If the publication refuses to acknowledge what you present, and you believe the facts tell a story, then you choose how to disseminate that. This is when it's critical to have verified facts of your own that stand up, because you could wind up accused of libel, and a publication with deep pockets or an angry owner might choose to sue you. This is very unlikely, though: very few web sites, in particular, have sued individuals who claim errors or bias in stories.

Many of the stories that allege ethical problems aren't about conflicts at all, but rather about political bias. While using the term ethics, the complaints relate to the specific inclusion of modes of thought. Some in GamerGate, for instance, object to critiquing the content of a videogame in a review as opposed to just its mechanics. That isn't an ethical issue.

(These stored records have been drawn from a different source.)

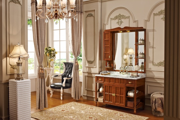 В ассортименте представлены роскошные коллекции гарнитуров для ванных комнат, в которые входят тумбы, столешницы с раковинами, шкафчики и зеркала.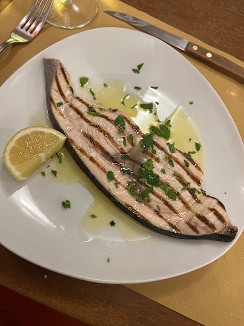 10/10Greeted at the door. When we asked for fish, was shown a showcase of what was available. We chose the sea bass which was grilled perfectly. We also chose an eggplant dish which we all loved. The atmosphere and pace of dinner was just what we were looking for to enjoy with our dear friends. Price was reasonable.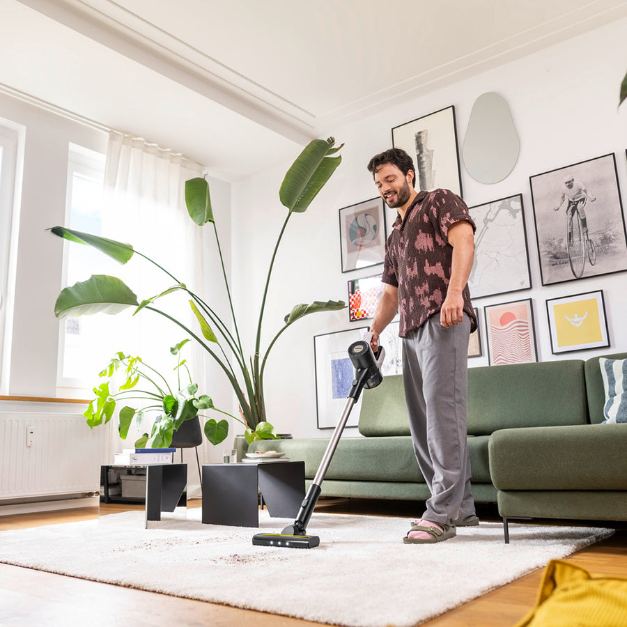 The VCS 3 Nano cordless vacuum cleaner is a compact and powerful assistant for everyday cleaning. Thanks to intelligent dirt detection, the suction power is automatically adjusted to the level of dirt to ensure efficient cleaning and the best possible battery runtime. The Clean Control Display provides information about the current cleaning mode and the level of dirt. Featuring modern BLDC motor technology and optimised sealing of the floor nozzle, it guarantees excellent dust pick-up on all surfaces. The LED lighting on the floor nozzle makes even the finest dirt visible. The 180° swivel joint offers high manoeuvrability and glides smoothly around furniture and into corners. The multi-stage HEPA filter system, which reliably traps 99.9 percent (tested as per EN IEC 62885-4:2020/A1:2023) of the vacuumed particles, ensures clean exhaust air, making the VCS 3 Nano an ideal choice for allergy sufferers. At less than 79 dB, vacuuming can be quiet as a whisper, ideal for households with children or pets. USB-C charging for added convenience and flexibility; plus, the device can be stored in the wall bracket to save space.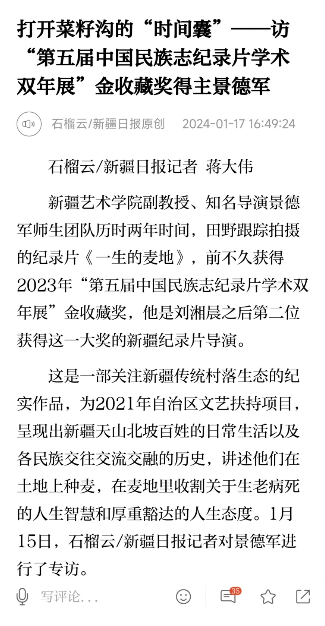 新疆艺术学院副教授、知名导演景德军师生团队历时两年时间,田野跟踪拍摄的纪录片《一生的麦地》,前不久获得2023年“第五届中国民族志纪录片学术双年展”金收藏奖,他是刘湘晨之后第二位获得这一大奖的新疆纪录片导演。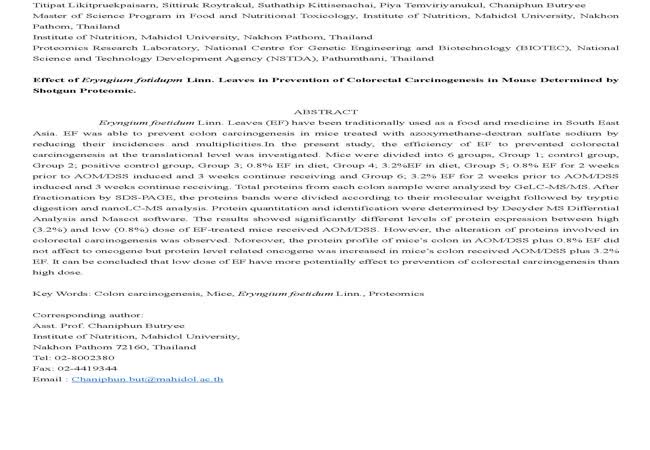 - Colon cancer, Eryngium foetidum Linn. leaves, Mouse, Proteomics

Suggesting a writer be fired because you disagree with a review score or an opinion (especially due to a post labeled as opinion, analysis, op-ed, or an industry insight) seems extreme unless it's part of a provable pattern. Asking for them to be fired indicates you support the site, but disagree with its editorial judgment in providing that writer with work. If that's true, then the better course of action is to provide calm critique and documentation—or, ultimately, stop reading the site.

Many documented concerns and actual incidents (some proven, some alleged) about ethics don't show up on the GamerGate radar at all, because they often involve companies that make products the movement's participants like best. Leigh Alexander did a rundown. Recently, the makers of Middle-Earth: Shadow of Mordor (Warner Brothers) were called out when its social-media PR firm required YouTube reviews to only post positive reviews if they wanted to get software codes in advance of release. This wasn't disclosed to those watching the YouTube videos (though some reviewers did so after the news came out). While YouTube reviewers may not be games journalists, they aren't far from it.

(I have, in fact, been given review agreements for hardware and software on a handful of occasions that stated that I couldn't write negative things about the product if I accepted the review copy or loaner. In the trade press, most reviewers are allowed to keep software licenses, but all hardware above a nominal value—well below $50—must be returned. I refused loans or licenses when those terms were offered.)

Collusion

A related ethics complaint is that after the creation of the tag #gamergate, a number of sites and publications published over a period of about two days stories that were headlined "the death of gamers," and which took varying approaches to talking about the end of a majority audience of a specific kind (young men); that gaming had expanded into a mainstream phenomenon in which many of the participants wouldn't use the term "gamer."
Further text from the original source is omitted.